本来あるべき姿は、意思決定を迫ることではなく、意思決定しやすくすること。相手が判断できる材料は揃っているか。関係者の合意は取れそうか。予算感、時期、検討プロセスに無理はないか。こうした確認を一つずつ積み重ねることで、提案は自然に前に進んでいくと思っています。
壁打ちは、仮設計に変わる
これからのコンサルティング営業は、「相談に乗る」から「仮設計する」へ変わっていくのではないかと考えています。
仮設計とは、提案書を仮につくることではありません。相手の現実に照らして、「この順番なら動けるかもしれない」という道筋を一度置いてみることです。そして、その道筋に無理がないかを、相手と一緒に確かめること。

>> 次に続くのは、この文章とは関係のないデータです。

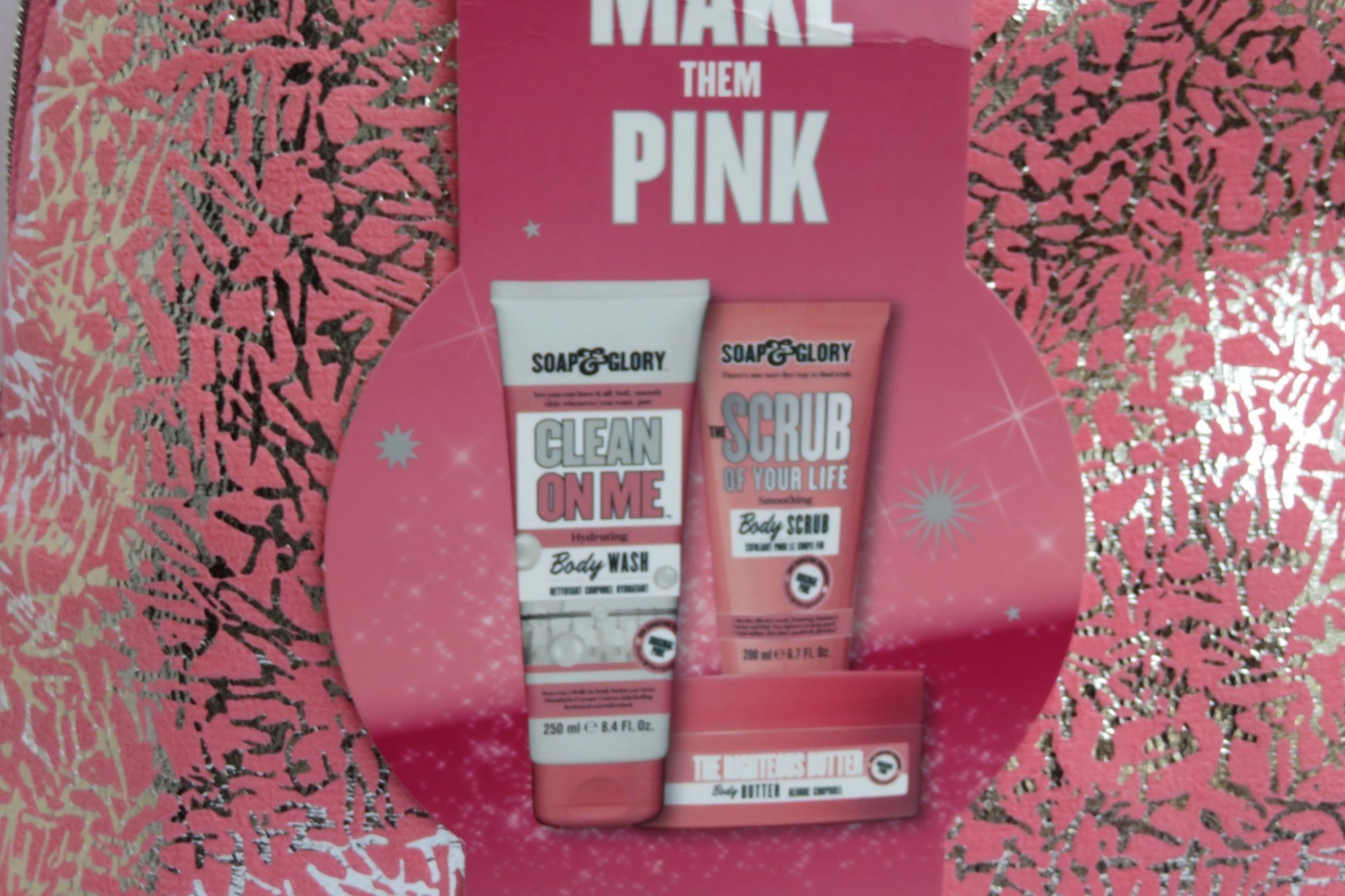 Soap & Glory ❤️ Make Them Pink 3-Pc Body Wash. Scrub. Butter ❤️ Gift Set & Bag
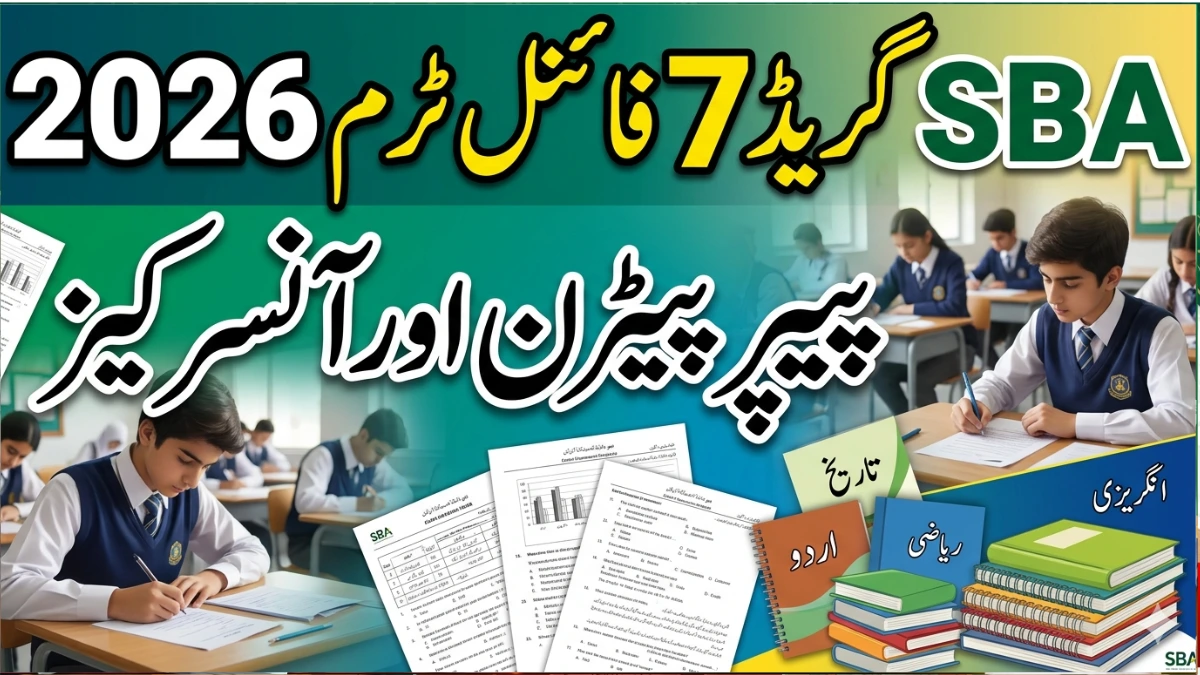 SBA 2026 Grade 7 Final Term Papers :The School Based Assessment (SBA) 2026 Grade 7 Final Term exams will begin in March 2026 in government schools throughout Punjab. These assessments are conducted under the supervision of the Punjab School Education Department and implemented through the Punjab Education Curriculum, Training and Assessment Authority (PECTAA).
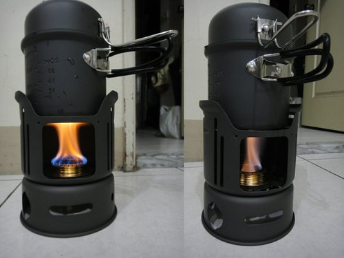 出門前一晚, 在家做了燃料煮水實驗… (酒精/圖左, 臘塊/圖右)
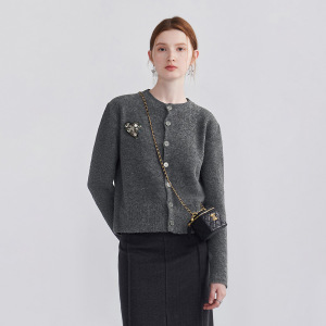 实拍绵羊毛山羊绒针织衫开衫秋冬爱心切割水钻高智灰色轻暖毛衣
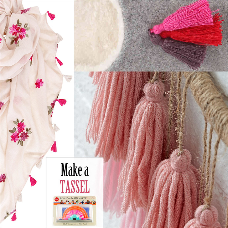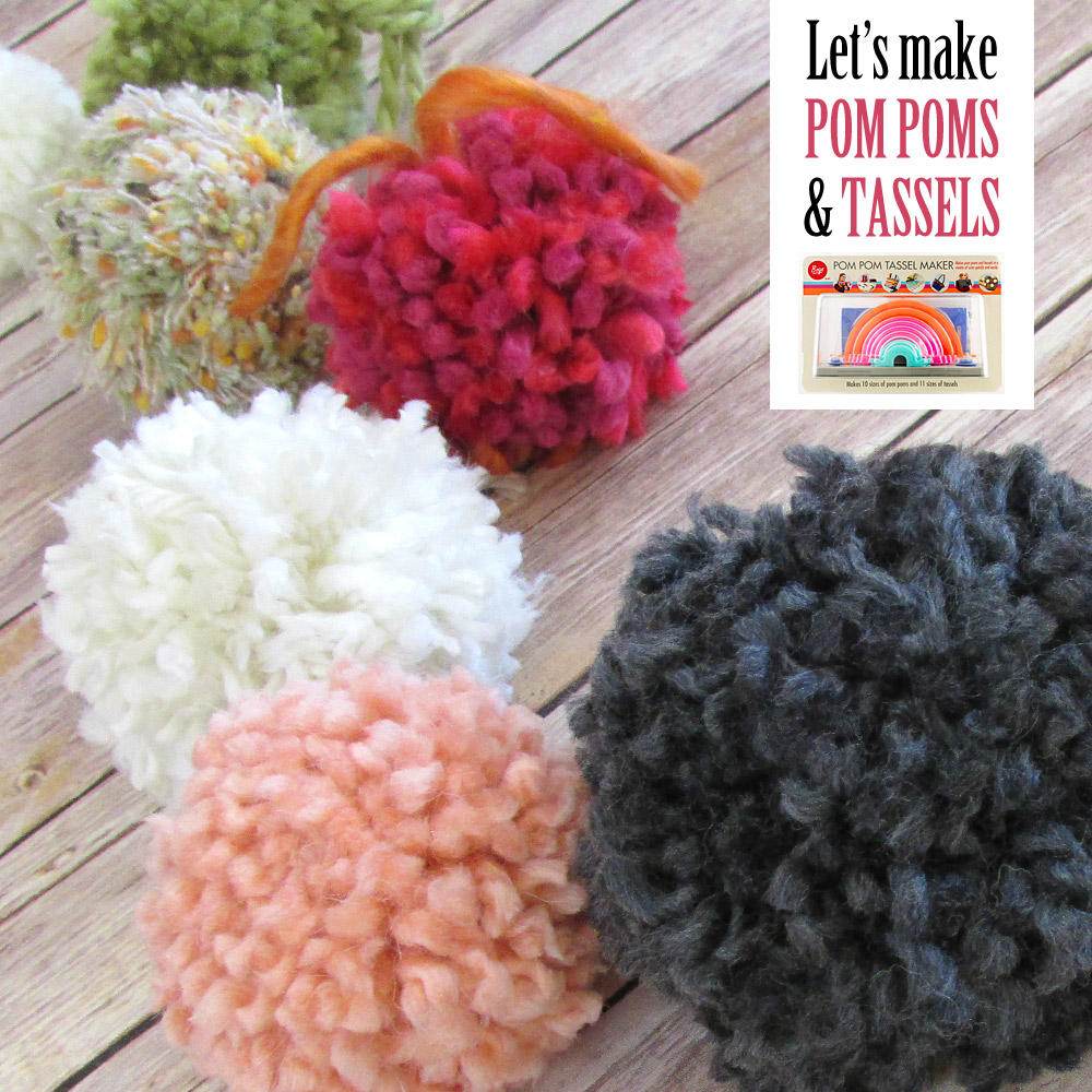 There are lots of embellishment ideas out there, but for our money, it just doesn’t get much more fun and versatile than pom poms and tassels. If you’re a regular Sew4Home follower, you know we’re fans of both, and have already done our own step-by-step tutorials on making each. But we’re always up for learning new ways, and so were quite captivated with this all-in-one kit from Boye that makes poms and tassels in a huge variety of sizes. Our super creative friend, Michele Muska sent us the kit to try along with a bunch of samples she’s made using the tools. It’s an embellishment explosion!

たとえば「AI活用を進めたい」という相談があったとします。業務単位でテーマを棚卸しする道。特定部門で小さく実装して回す道。社内ナレッジをAIが扱える形に整える道。経営判断や会議体のあり方から見直す道。個人のAI活用習慣を底上げする道。
こうした選択肢の列挙はAIで出せます。
しかし、その会社がどの道なら動けるのか。どの道は重すぎるのか。どこから始めると現場が疲弊しないのか。いまの組織の体力と意思決定の速度に照らして、最初の一歩をどこに置くのか。
これは、相手の現実に触れていなければ見立てられません。そして、この見立てがあるからこそ、提案は相手にとって検討に値するものになります。
今回の提案で進まなかったとしても、相手の状況を理解し、無理のない道筋を一緒に考えた経験は、関係として残ります。長期の信頼は、強いクロージングではなく、こうした丁寧な見立ての積み重ねから生まれるのだと思います。
人間の想像力を信じることと、仕事を守ることは違う
AIがこれだけのことをできるようになったとき、人間の仕事をすべて守ろうとする必要はないと思っています。
論点整理、選択肢の列挙、一般論の説明。これまで壁打ちの中で行われてきたことの一部は、AIに寄っていきます。そのことを否定する必要はありません。
ただ、人間の想像力を信じることと、これまでの仕事の形をそのまま守ることは、同じではありません。
壁打ちという言葉は曖昧でしたが、その中に溶けていた価値は確かにありました。AIによってその輪郭がはっきりしてきた今、最序盤にやるべきことは、相手の現実に触れ、まだ言葉になっていないテーマを見立て、動ける道筋をつくること。相手の意思決定コストを下げ、無理なく前に進む支えをつくることだと今は思っています。